At the same time, the experience of 4 years now set me thinking as to whether I should look at financial independence and retirement cash flows differently. After a lot of reading and deliberation I came up with a better model. You can read about it in this post. 

I am also working out my likely cash flows in 2018, based on the above model. Should be writing a post on it this week.

Retirement planning – dynamics of time and activities

Of late, I have been doing a lot of reading on the topic of retirement planning. I must say that, while there has been a certain level of interest about retirement issues in India now, much of the good inputs come from the US, where this has been a topic of great interest over several decades. One of the areas most of the financial community there agree on is the need to structure your decades of retirement by activity levels. In this post I will try to suggest a framework, we can adopt to our context in India.

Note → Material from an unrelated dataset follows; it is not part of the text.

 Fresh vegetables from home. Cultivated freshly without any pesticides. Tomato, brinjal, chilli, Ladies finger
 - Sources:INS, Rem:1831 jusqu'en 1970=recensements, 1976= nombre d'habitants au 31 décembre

One of the important differences between US and India that we need to keep in mind is the age of retirement and life expectancy. Many people in the US work till the age of 65 and consider they will live till 90. In the Indian context, it will make sense to look at these figures at 55 and 85 respectively. Yes, I know many people retire at 60, but with the focus on shorter career spans along with many wanting to look at doing other things, 55 will be a good age to aim for. Moreover, with the passage of time, more people are going to have non-traditional careers where the working in regular jobs will have shorter life span. The other aspect is life expectancy – I feel with the current state of medical advances, it will be logical to take 85 as the figure. Again, it is possible to live beyond that and you must factor that into your plan. In the end however, a 30 year retirement period which you need to plan for and fund will probably do the trick.

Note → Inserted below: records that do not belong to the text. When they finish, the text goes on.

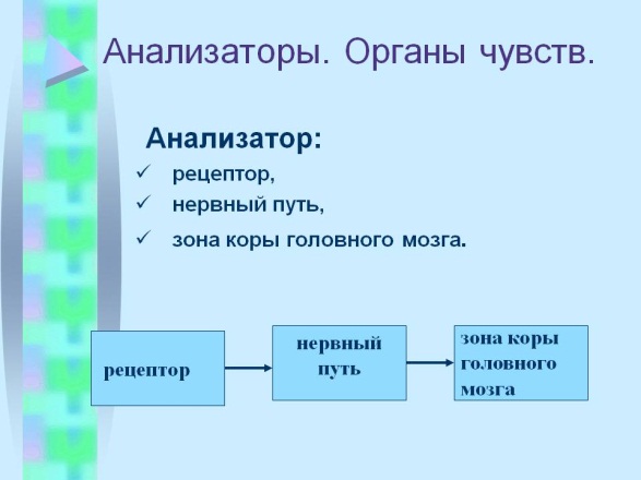 | Рецепторы, воспринимающие боль, тепло, холод, давление, прикосновение
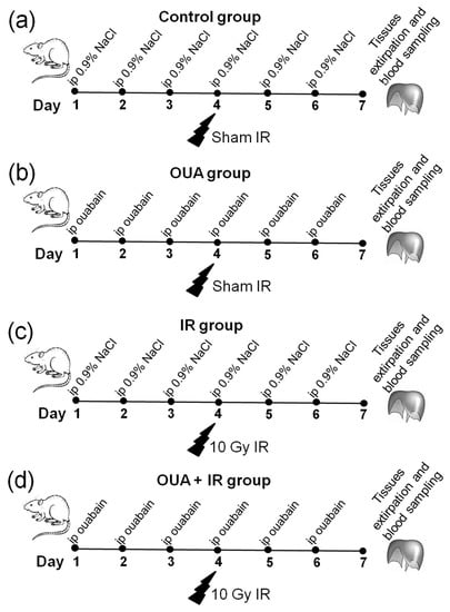 - Kaločayová, B.; Kovačičová, I.; Radošinská, J.; Tóthová, L.; Jagmaševič-Mézešová, L.; Fülöp, M.; Slezák, J.; Babál, P.; Janega, P.; Vrbjar, N. Alteration of renal Na,K-ATPase in rats following the mediastinal γ-irradiation. Physiol. Rep. 2019, 7, e13969. [Google Scholar] [CrossRef] [PubMed]
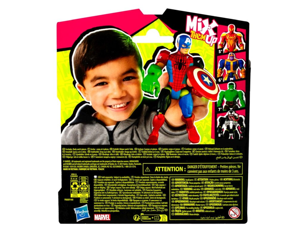 I ti nejmocnější superhrdinové někdy potřebují pomocnou ruku...nohu, pěst nebo příslušenství. Sběratelské akční figurky MixMashers Marvel obsahují části a dílky, které se oddělují a spojují dohromady a vytvářejí jedinečně přizpůsobené figurky. Figurky MixMashers o velikosti 12 cm mají 16 připojovacích bodů a mají univerzální konektory pro kompatibilitu a odolnost v celé řadě. Děti mohou vytvářet figurky superhrdinů Marvelu, které mohou rozložit, kombinovat a míchat dohromady bláznivými, osobitými způsoby. Díky milionům kreativních způsobů, jak vyměnitelné díly mixovat, tyto hračky Marvel podporují hodiny nápadité hry při vytváření jedinečných figurek. Figurka Marvel Captain America je dodávána se štítem a s fialovým silovým drápem Black Panthera. Vyrobeno z kvalitního plastu. Baleno v blistru. Výška figurky: 12 cm. Rozměry balení: 20,3 x 17,8 x 3,8 cm. Věk: 4+
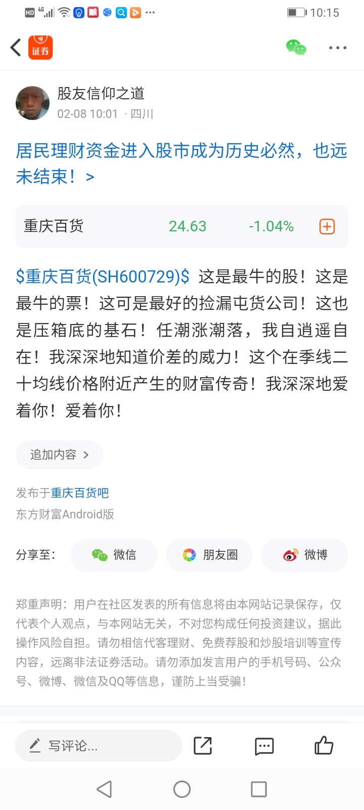 温馨提示: 1.根据《证券法》规定,禁止编造、传播虚假信息或者误导性信息,扰乱证券市场;2.用户在本社区发表的所有资料、言论等仅代表个人观点,与本网站立场无关,不对您构成任何投资建议。用户应基于自己的独立判断,自行决定证券投资并承担相应风险。《东方财富社区管理规定》
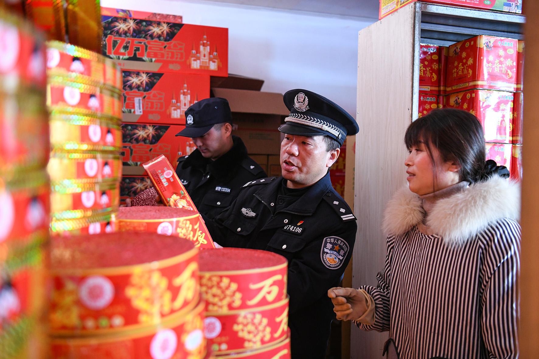 1月9日,安徽省馬鞍山市含山縣公安局花山派出所民警對煙花爆竹零售點進(jìn)行檢查。

Ok having established the above, let us now turn to a framework of the 3 decades. I will follow the terminology from an US blogger. He calls the first decade to be the Go-Go decade, where you are going to be quite active. This is the time to catch up on all the family visits, travel the world, organise your monetary and other affairs, spend time with your adult children and to indulge in the hobbies and interests for which you may not have had much time during your working life. The second decade is termed as the Slow-Go decade, where you still do much of the earlier stuff, health permitting, but there is a palpable slowing down in both the numbers and frequency of activities. The final decade is termed as the No-Go decade where you will mostly be indoors with limited activities.

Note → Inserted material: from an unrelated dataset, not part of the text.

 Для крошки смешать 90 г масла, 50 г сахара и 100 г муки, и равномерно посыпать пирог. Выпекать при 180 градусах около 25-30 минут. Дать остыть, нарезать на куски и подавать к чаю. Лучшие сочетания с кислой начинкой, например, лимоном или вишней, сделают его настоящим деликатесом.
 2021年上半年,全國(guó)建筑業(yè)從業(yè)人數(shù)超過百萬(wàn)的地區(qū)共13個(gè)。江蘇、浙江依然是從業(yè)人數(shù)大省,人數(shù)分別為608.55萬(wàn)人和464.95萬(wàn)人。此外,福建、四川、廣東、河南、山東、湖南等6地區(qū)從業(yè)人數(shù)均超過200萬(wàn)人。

If we adopt this framework to the Indian context, how will things look? I can think of the following for the first decade, in terms of the situation and the activities:-

  • You will still be actively engaged in some professional activities but not a regular job any more.
  • Your income will mainly come from passive category with some active income.
  • It is likely that your children are into their careers now or at least finishing up their post graduate education. 
  • They will also possibly get married in this decade of your life.
  • With time and hopefully money in your hands, you can look at travelling much more than you have done earlier.
  • You may want to replace some assets such as cars or white goods.
  • You can also indulge in your hobbies and interests in a more significant manner. If these are outdoor in nature, this is obviously the best decade to do so.
  • You will settle down in your home town or your place of retirement during this decade. Catching up with friends and family there will be a good part of leisure.

In the second decade, the professional activities will probably cease. Your outdoor aspects such as travel or any active sports will also taper off gradually. While you will still be healthy ( hopefully ), you will not be too inclined to venture out of home. This will probably be a time to view movies in home theatre as opposed to the cinemas and to order food in as opposed to driving out to a restaurant.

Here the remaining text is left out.